Shurasik was sitting in a corner by the stove and with concentration leafing through Self-taught magic self-defence. Spells, incantations, curses. Group battles with spirits and evil spirits. Advice for the nervous. “Someone please attack me, huh, people? Why will no one attack me? I awfully want to test the spell for smearing on the wall – Smackus wholus capitalist. Or at least let someone whack me with a sledge hammer – I feel wretched!” he whined.
“Why do you feel wretched?” Vanka Valyalkin was interested.
“Why? You really don’t know? They exempted me from exams!” Shurasik complained piteously.
Bab-Yagun gave him a searching stare, trying to understand whether Shurasik was playing the fool or this was actually bad news for him. “Really? Some simply heartless people! You, brother, stand firm! The school for difficult-to-raise magicians isn’t a health resort! They practice the most terrible tortures here since olden times!” he sympathized.
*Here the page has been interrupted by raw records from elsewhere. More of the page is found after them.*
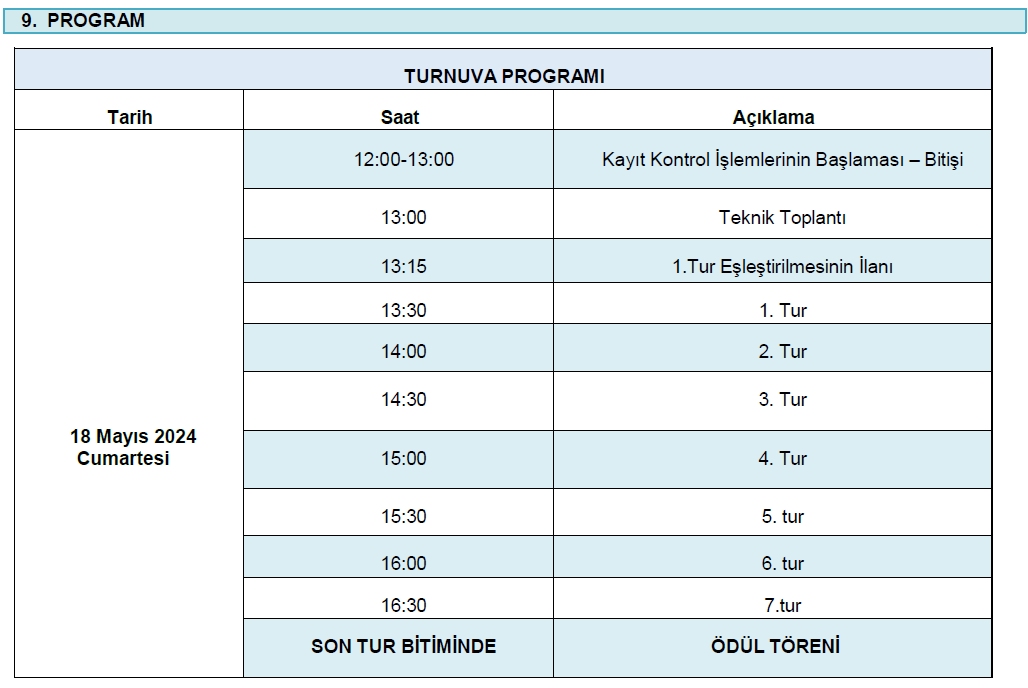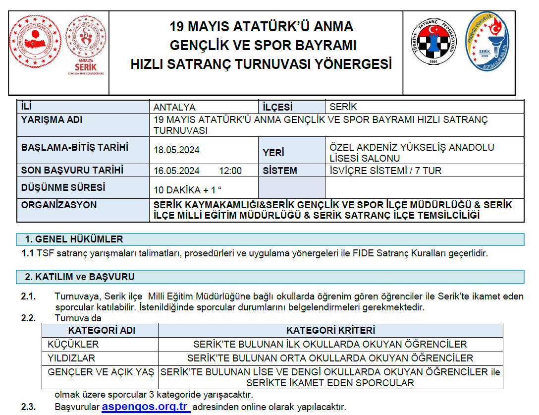 19 Mayıs Atatürk'ü Anma Gençlik ve Spor Bayramı Hızlı Satranç Turnuvası 18 Mart 2024 tarihinde 3 kategoride (İlkokullar-Ortaokullar-Lise ve Açık Yaş) Serik Özel Akdeniz Yükseliş Fen/Anadolu Lisesi'nde yapılacaktır. Katılım ve başvuru şartları için yazının devamına tıklayın.
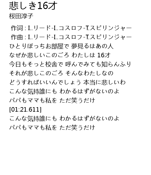| [00:24.752] | なぜか悲しいこのごろ わたしは 16才 |
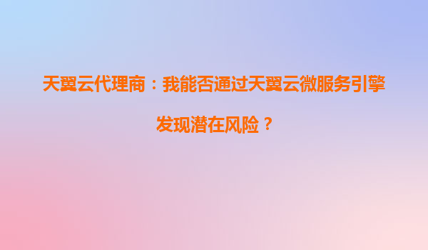 2025-09-29天翼云代理商视角:如何通过天翼云微服务引擎发现潜在风险一、引言:数字化转型下的风险管理需求随着企业数字化进程加速,微服务架构因高灵活性成为主流选择,但多...
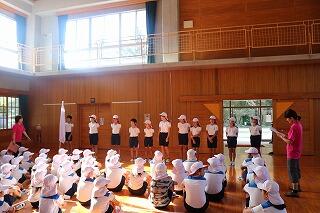 本校の養護教諭が、8月9,10日に自身が参加した愛媛県西予市でのボランティア活動について全校集会で話をしました。
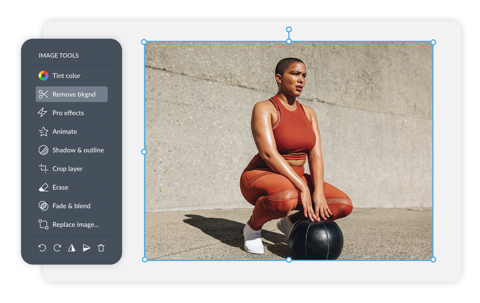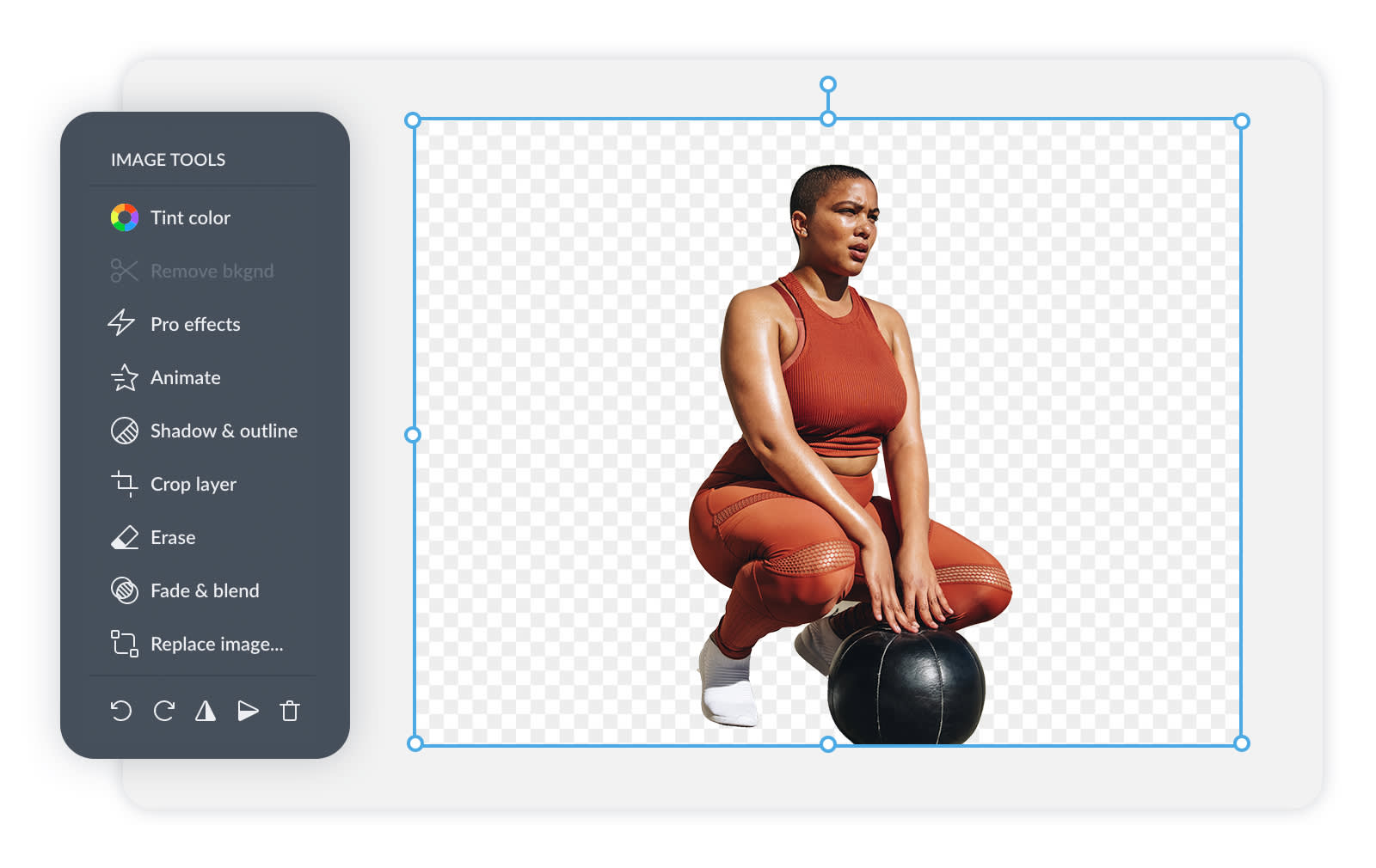 PicMonkey Pro subscribers have access to our automatic background eraser tool. If a photo is a single layer, all you need to do is click Remove bkgnd from the Background Tools menu. It’s just one click and you're done! Plus, only PicMonkey lets you further tweak your erasure afterward by painting back on parts of the background, or, using the eraser tool to remove just a little bit more.
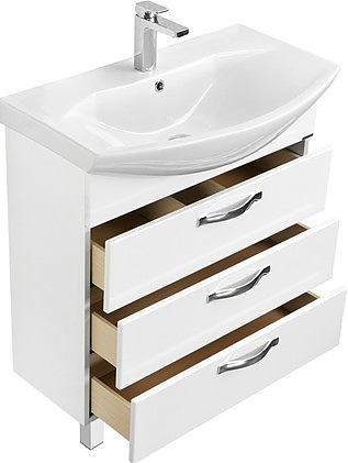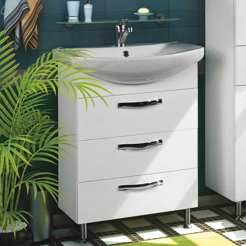 Тумба AQUATON Ария 65 Н 1A123401AA010 выполнена в современном стиле. Напольная конструкция обеспечивает легкий монтаж и не требует специального ремонта в помещении. Модель оснащена тремя выдвижными ящиками для хранения необходимых в ванной комнате принадлежностей, верхний ящик с системой организации пространства. Корпус изделия выполнен из влагостойкой ЛДСП, а фасад из высококачественной МДФ и окрашены белоснежной глянцевой полиэфирной краской ультрафиолетового отверждения, которая обеспечивает изделию привлекательный внешний вид, а также износостойкость и долговечность.
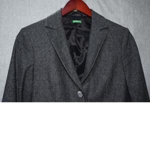 Benetton Gray Wool Blend Pinstripe 3-Button Blazer Jacket Size 40 (US 6)
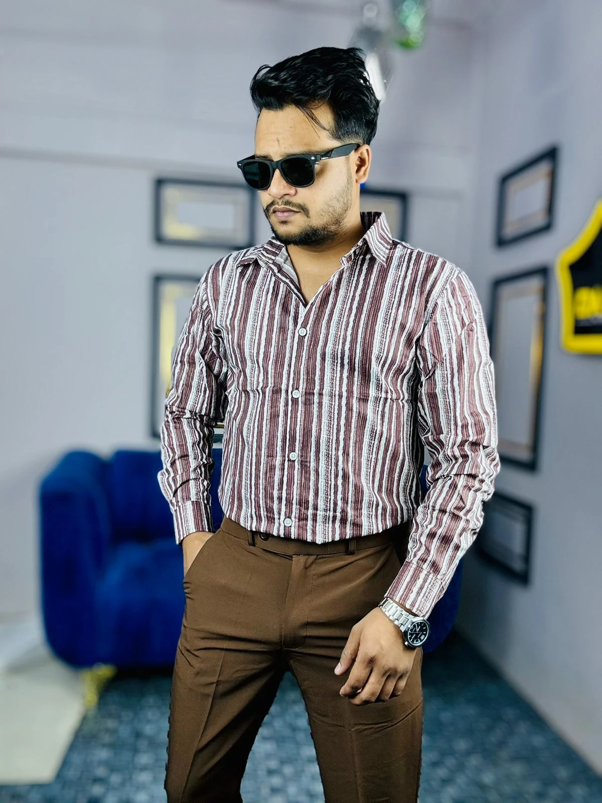 𝚃𝚑𝚎 𝙳𝚎𝚝𝚊𝚒𝚕𝚜: Featuring a precision-engineered vertical stripe pattern that elongates the silhouette and commands respect.
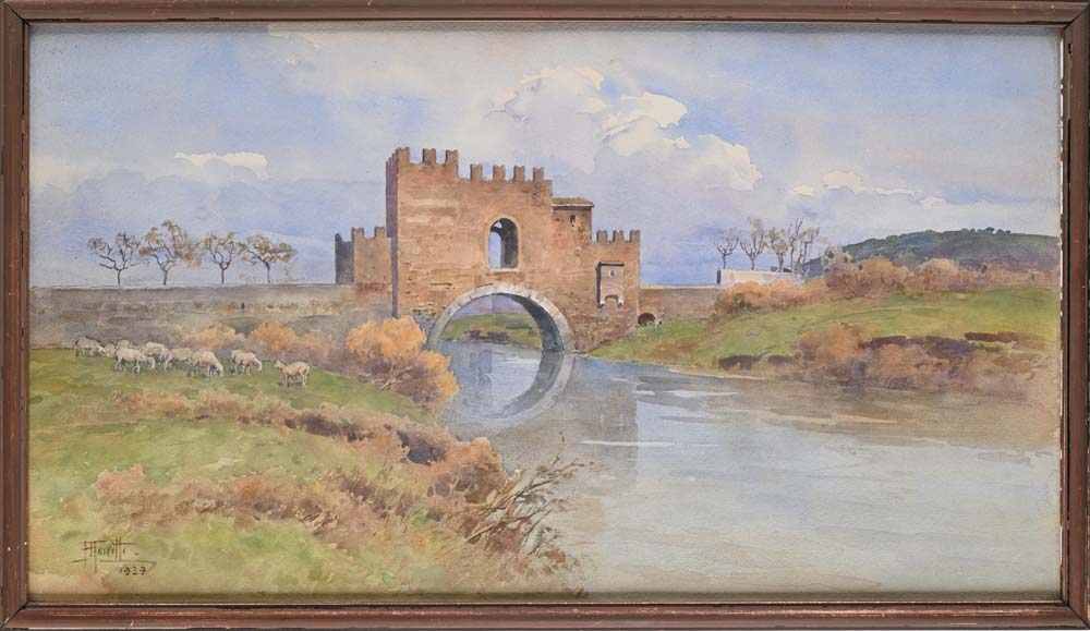 Roma, Il ponte Nomentano 1939 firmato e datato in basso a sinistra F ANIVITTI / 1939 acquerello su cartoncino cm 34,5 x 62 – in cornice cm 38 x 65,5
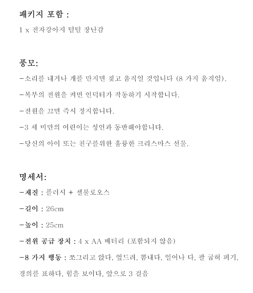 Посылка включает в себя:1 x Электронный Робот собака плюшевая игрушкаОсобенности:-Когда вы делаете звук или прикасайтесь к собаке, он будет лаять и совершать движение (8 различных движений).-При включении питания на животе индуктор начинает работать.-Выключите питание, и оно прекратится сразу.-Дети до 3 лет должны играть в сопровождении взрослых.-Отличные рождественские подарки для ваших детей или друзей.Характеристики:-Материал: плюш + целлюлозная ткань-Длина: 26 см-Высота: 25 см-Источник питания: 4 батарейки типа АА (не входят в комплект)- - 8 различных движений: спуск, подставка для рук, кокетство, стоячие, нажатие, продажа, сила дисплея, 3 шага вперед
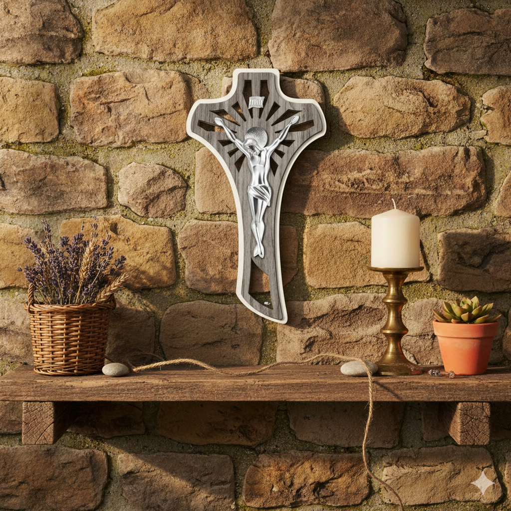 Krzyż srebrny na drewnianym panelu 52 cm z kolekcji ARGENTO SACRO™ jest wyrazem głębokiej duchowości i piękna chrześcijańskiej tradycji. Włoski projekt podkreśla połączenie dwóch światów — szlachetnego srebra MIRO-SILVER® oraz naturalnego drewna, tworząc kompozycję, która wprowadza do wnętrza atmosferę modlitwy, pokoju i Bożej obecności.
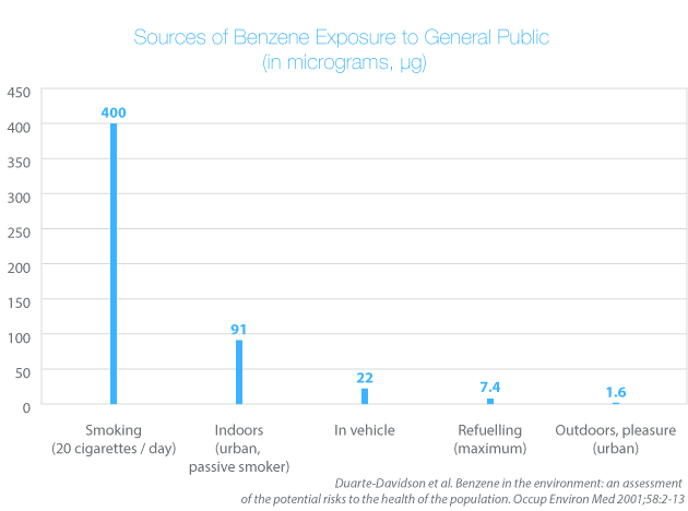 From the table below, it will be seen that the overall daily dose of benzene for any individual is unique, since it depends on life-style. In rural areas, exposure is far lower than in cities. US studies have shown that the contributions to benzene intake from sources such as chemical manufacturing, drinking water, food, beverages and crude oil refining are minimal.
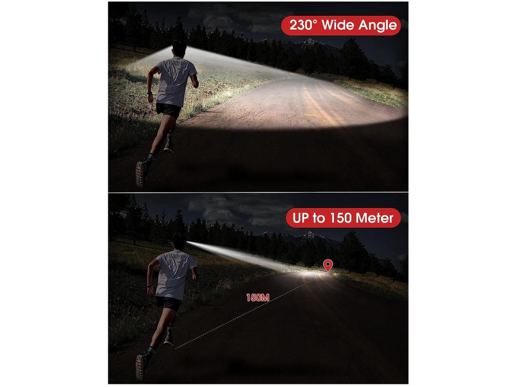 - 【 Super jasná čelovka & 230° širokoúhlé osvětlení 】 nabíjecí čelovka nabízí ve srovnání s obyčejnou LED čelovkou 230° ultra široký úhel osvětlení pro snadné osvětlení tmavých koutů okolo vás. Kapesní svítilna Light Strip s předním COB LED světlem a boční LED čelovka nabízí jasný prostor, když rybaříte a běháte. Úhel osvětlení 230° lze snadno osvětlit tmavé prostředí.
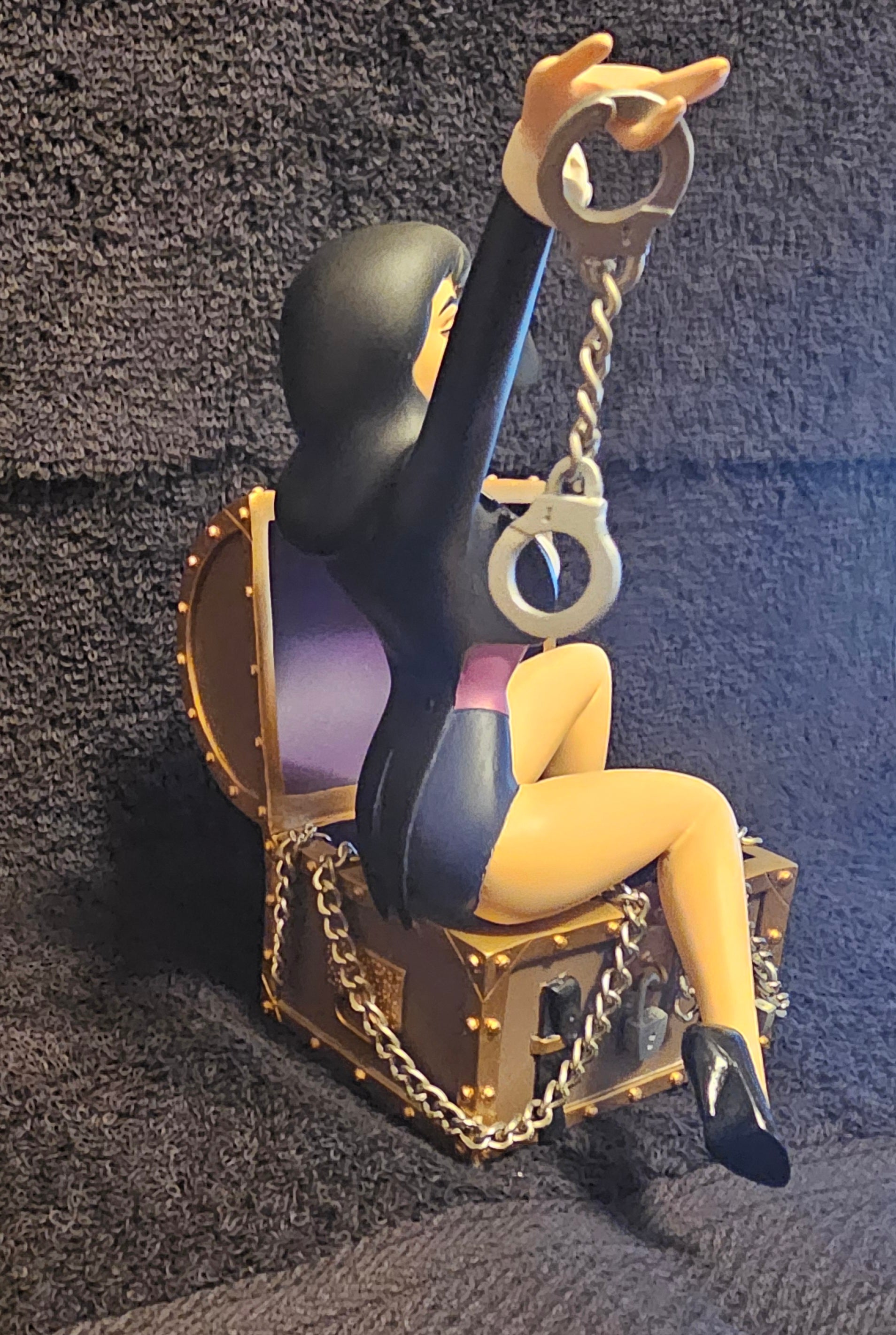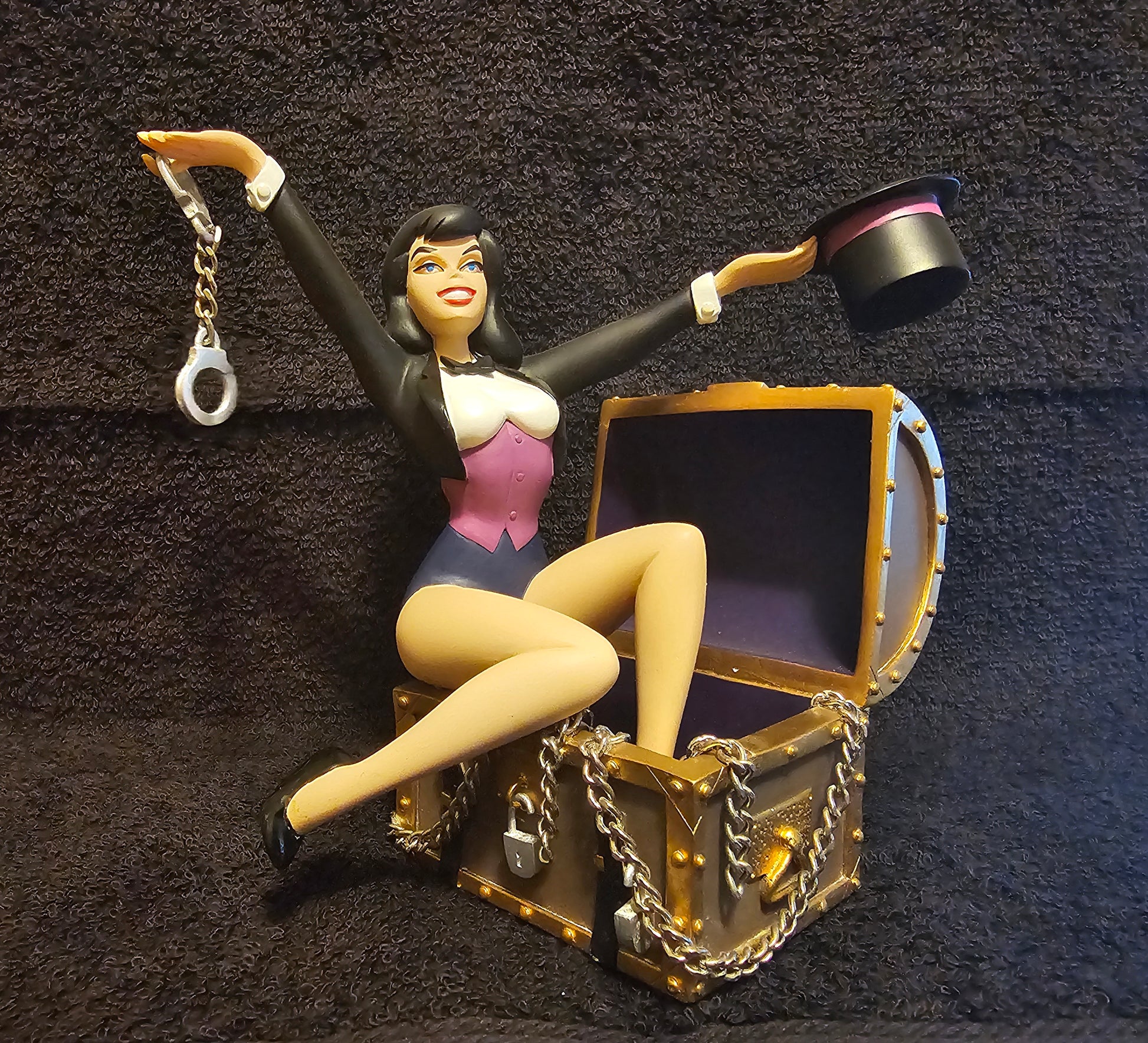 Powers. Sorcery: Zatanna! Behold, this DC Direct animated statue showing off one of DC's greatest magic wielder. WIth it's Limited Edition to 900 made, this statue is number 275 of those 900. This statue is hand painted and is cold-cast porcelain and comes with actual chain, and handcuffs! This statue is a magical edition to any Zatanna fan!

Shurasik jumped. In his eyes blazed a wild fire. “They said that I answered well in class! But I know that I answered poorly! Think for yourself, Yagun: of the thousand questions I only solidly know nine hundred and ninety-six!” he shouted and, grabbing Bab-Yagun’s shoulders, started to shake him.
“A nightmare! And they indeed keep such dimwits in Tibidox! Glomov and I are ashamed of you!” Bab-Yagun said. He jerked from side to side, vainly trying to be freed.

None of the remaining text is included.